There will be discussion about the recommended pay rise for MPs I’m strongly advising my Cabinet colleagues not to accept it. I’m much more interested in what Government departments can do to encourage organisations to adopt a ‘Living Wage’. It’s based on JRF’s work on what people need for a minimum standard of living. Paying such a rate is good for the individual, business and society. I am asking Treasury official to cost a programme of paying the Living Wage, across Government over the lifetime of the next Parliament.

Targets can be millstones for Governments, often downgraded to mere ‘ambitions’, but we ought not to flinch from tackling difficult and perhaps unpopular issues. I shall today commit the Government to reducing poverty in working families by 40 per cent over the next five years. Too many of our fellow citizens are in work, but out of pocket.

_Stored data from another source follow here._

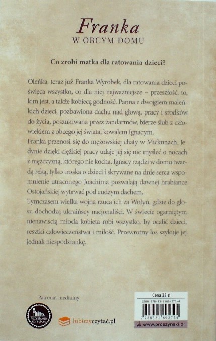 Franka w obcym domu / Wioletta Sawicka. - Warszawa : Prószyński Media Sp. z o.o., 2020. - 422, [2] strony ; 20 cm.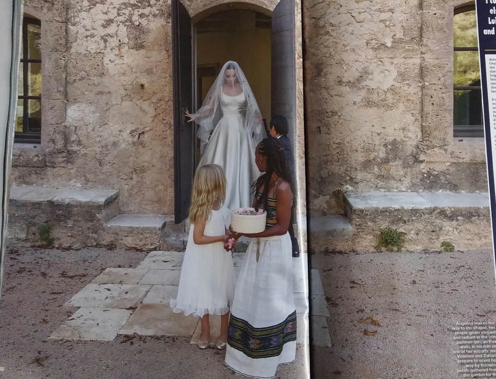 And here’s a sweet detail about the Brange wedding, that accompanied the Brange photos, as revealed in HELLO Magazine which went on sale this morning in the UK: Brad had a tribute to Angelina’s mother engraved in stone in the setting where the ceremony took place.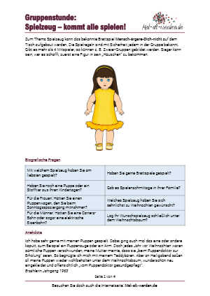 In unserer exklusiven Gruppenstunde zu dem Thema Spielzeug finden Sie viele Ideen für die Begleitung von Senioren rund um Puppen, Spielzeugautos, Brettspiele, Weihnachtswünsche, Teddybären, Rollschuhe, Ritterfiguren und vieles, vieles mehr. Die Gruppenstunde wurde für...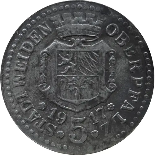 | Obverse lettering | STADT WEIDEN OBERPFALZ ✿ 1917 ✿ ✿ 5 ✿ |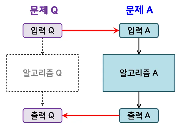 여기에 문제 A를 해결하는 알고리즘을 적용하여 문제 Q를 해결 가능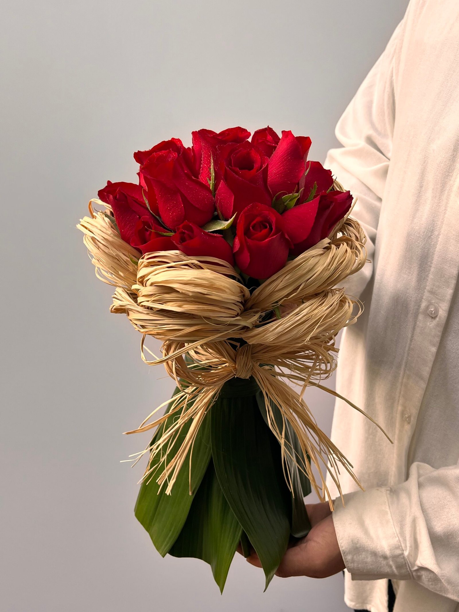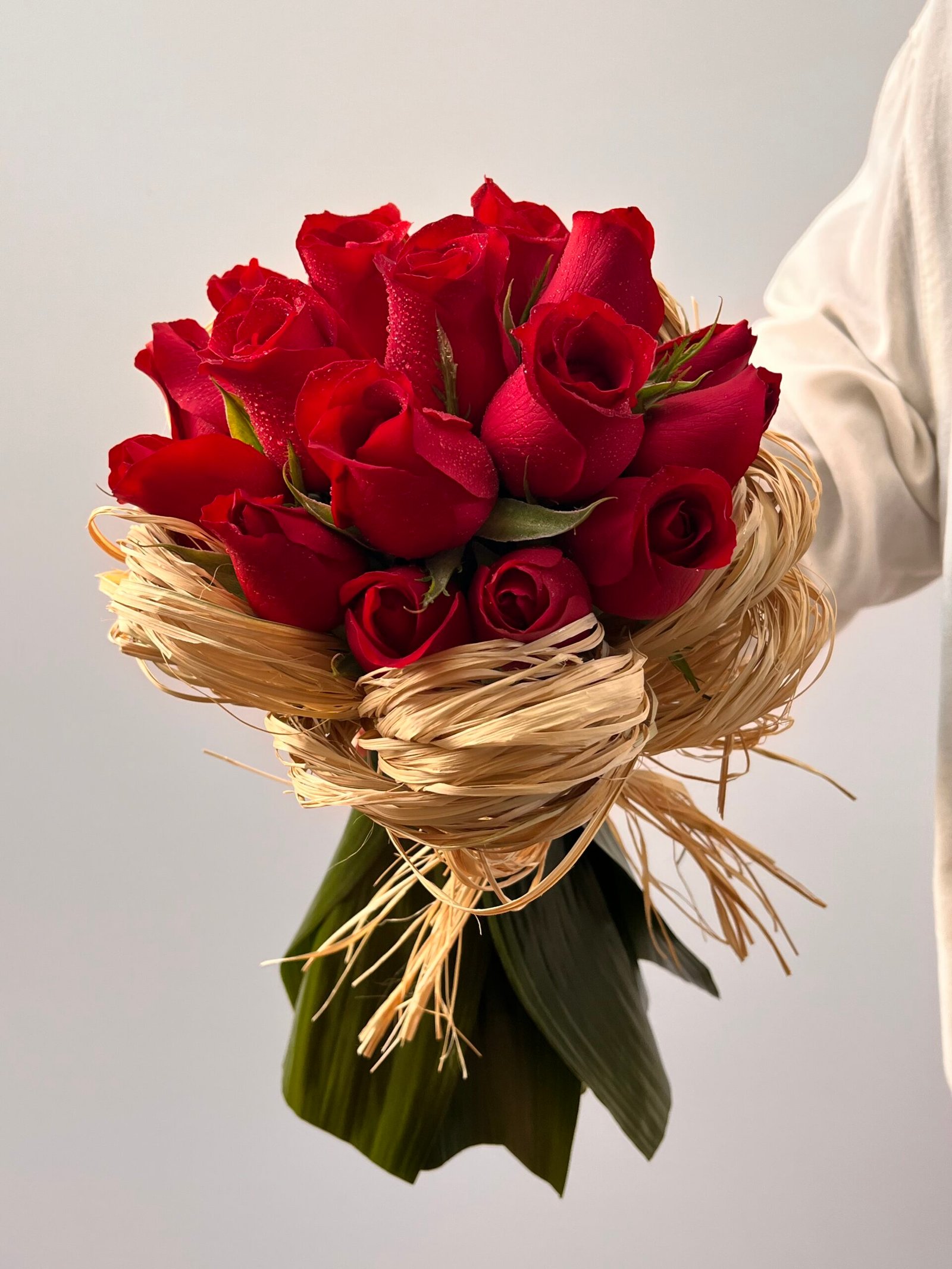 Buquê com 18 Rosas vermelhas e fios de ráfia.
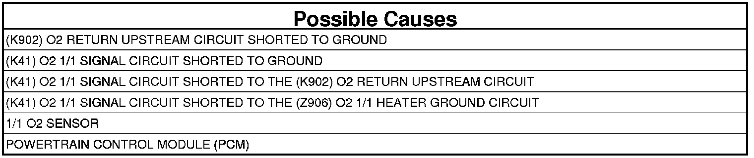 7. (K41) O2 SENSOR 1/1 SIGNAL CIRCUIT SHORTED TO THE (Z906) O2 1/1 HEATER GROUND CIRCUIT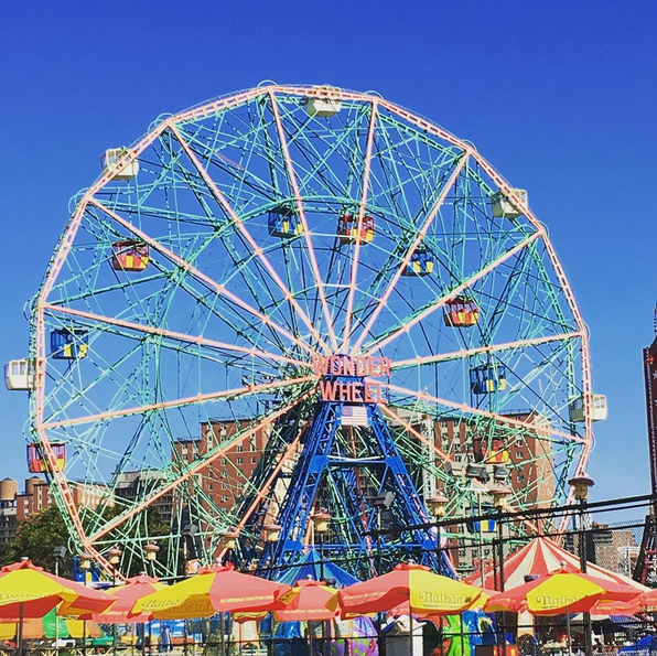 At the time it was built, in 1918 (it opened in 1920), the Wonder Wheel was the tallest ferris wheel in the world! (I believe the London Eye holds that record now.) It has two types of cars. The white cars are stationary. The red and blue cars swing along a track as the ferris wheel moves.

And today is the day we set shovel to soil and begin a social house building programme that has been lacking for a generation. Around 1.5 million more young people aged 18 to 30 will be pushed into living in the private rented sector in 2020, reflecting growing problems of accessing both home ownership and social renting. Without a sustained and long-term increase in new housing supply, initiatives to help aspiring home-owners risk maintaining the inflated house prices they are meant to overcome. And if we are to do anything at all about the huge risk of climate change we will need to refit all our houses. Good jobs, training, and a chance to dramatically reduce fuel poverty, while getting closer to our carbon reduction targets.

And finally, the changing shape of society as we age will be no surprise to this government. What matters is what we do, and all my colleagues will need to look at their programmes and make sure they are prepared for the ageing society.

This is all in one day. I’m enjoying this. There’s so much we can do – and so many ideas in the voluntary sector about what to do. The trick will be making change happen fast enough to achieve the real savings that are available.